▶ **Given data**:
━━━━━━

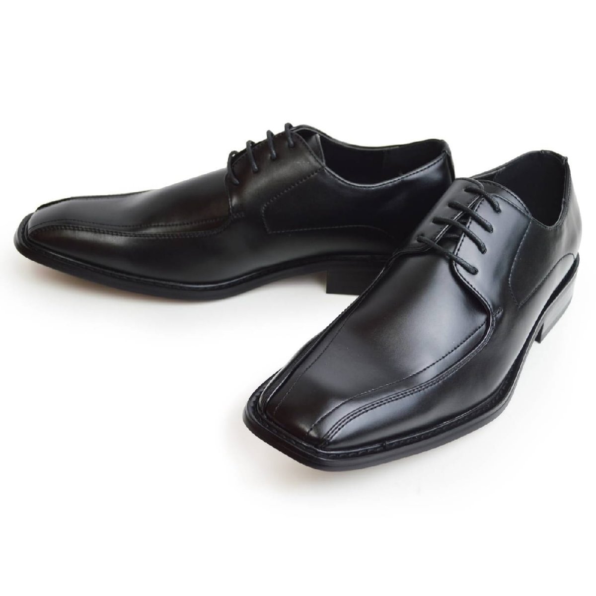 新品■27cm ビジネスシューズ 冠婚葬祭 メンズ フォーマル 革靴 2E レースアップ スワールモカ スクエアトゥ 防滑 脚長 ロングノーズ
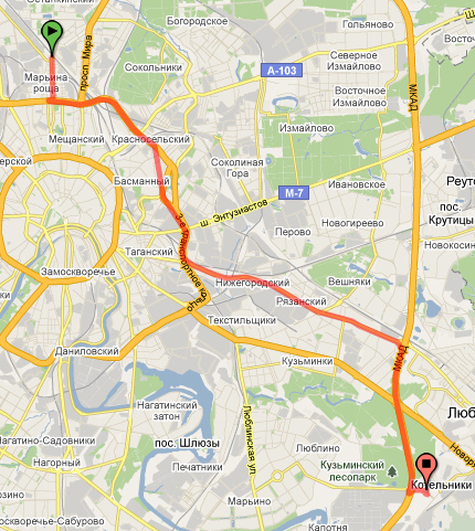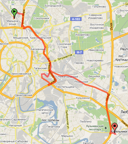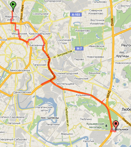 С ТТК маршрут был проложен на улицу Красноказарменную, далее через шоссе Энтузиастов на Площадь Ильича и Рогожский вал. Далее экипаж свернул на 1-ую Дубровскую и по Шарикоподшипниковской пересек ТТК, объезжая Волгоградский проспект по Южнопортовой. Проехав через весьма пробкоопасный тоннельчик на Люблинскую, вышли на Белореченскую и соответственно на финишную прямую — улицу Верхние поля. Маршрут был вполне антипробковый, но реального времени не сэкономил.
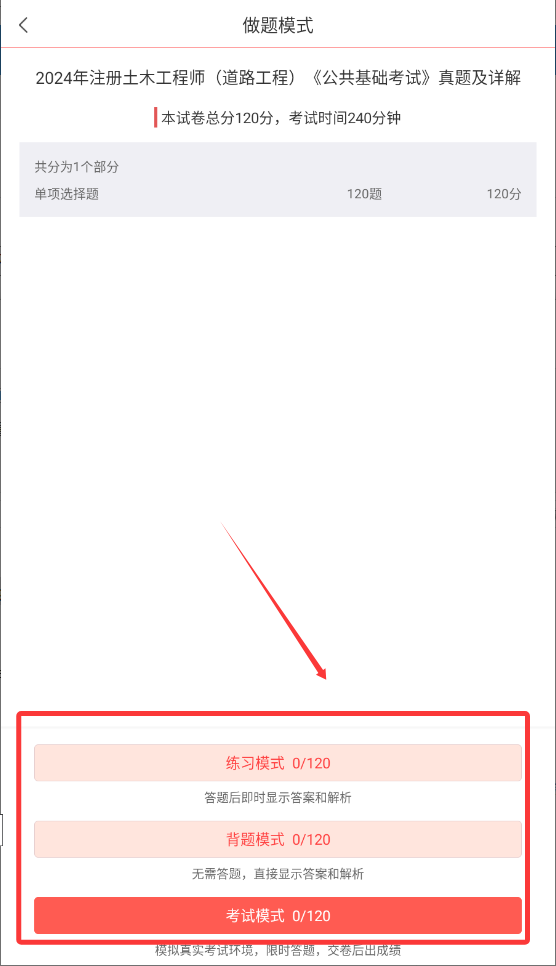 3、进入模拟题库进行随机练习或专项训练,每道题目均附带详细解析与答案参考。可以自主选择练习模式。
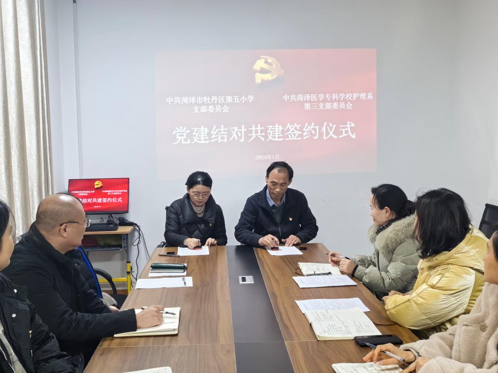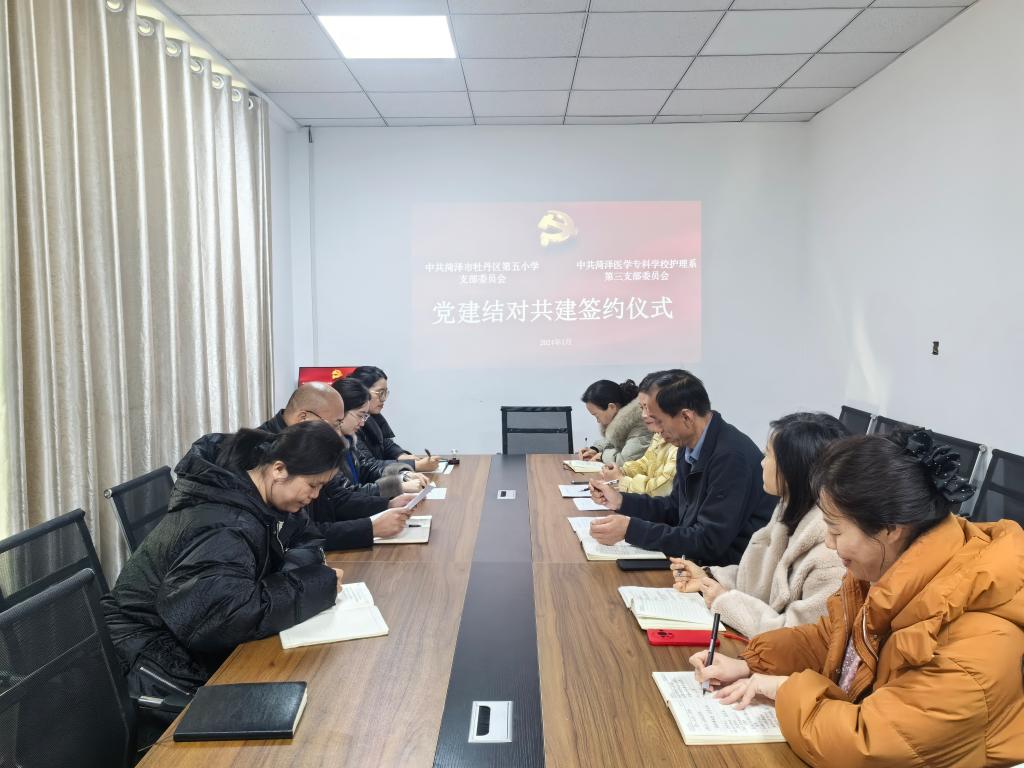 为深入学习贯彻习近平新时代中国特色社会主义思想和党的二十大精神,积极构建“资源共享、优势互补、互相促进、共同提升”的党建工作新格局,1月11日,护理系第三党支部与牡丹区第五小学党支部开展以“结对共建聚合力,党建引领促发展”为主题的党建结对共建活动。牡丹区第五小学党支部书记、校长王克锋及其党支部委员会成员,我校护理系党总支书记刘明哲、主任马国平、副书记杨珂、护理系第三党支部书记李子瑾及党员代表参加活动。

━━━━━━

Restate every line of the data above word for word, with the images removed.

▶ **Written solution**:
 新品■27cm ビジネスシューズ 冠婚葬祭 メンズ フォーマル 革靴 2E レースアップ スワールモカ スクエアトゥ 防滑 脚長 ロングノーズ
 С ТТК маршрут был проложен на улицу Красноказарменную, далее через шоссе Энтузиастов на Площадь Ильича и Рогожский вал. Далее экипаж свернул на 1-ую Дубровскую и по Шарикоподшипниковской пересек ТТК, объезжая Волгоградский проспект по Южнопортовой. Проехав через весьма пробкоопасный тоннельчик на Люблинскую, вышли на Белореченскую и соответственно на финишную прямую — улицу Верхние поля. Маршрут был вполне антипробковый, но реального времени не сэкономил.
 3、进入模拟题库进行随机练习或专项训练,每道题目均附带详细解析与答案参考。可以自主选择练习模式。
 为深入学习贯彻习近平新时代中国特色社会主义思想和党的二十大精神,积极构建“资源共享、优势互补、互相促进、共同提升”的党建工作新格局,1月11日,护理系第三党支部与牡丹区第五小学党支部开展以“结对共建聚合力,党建引领促发展”为主题的党建结对共建活动。牡丹区第五小学党支部书记、校长王克锋及其党支部委员会成员,我校护理系党总支书记刘明哲、主任马国平、副书记杨珂、护理系第三党支部书记李子瑾及党员代表参加活动。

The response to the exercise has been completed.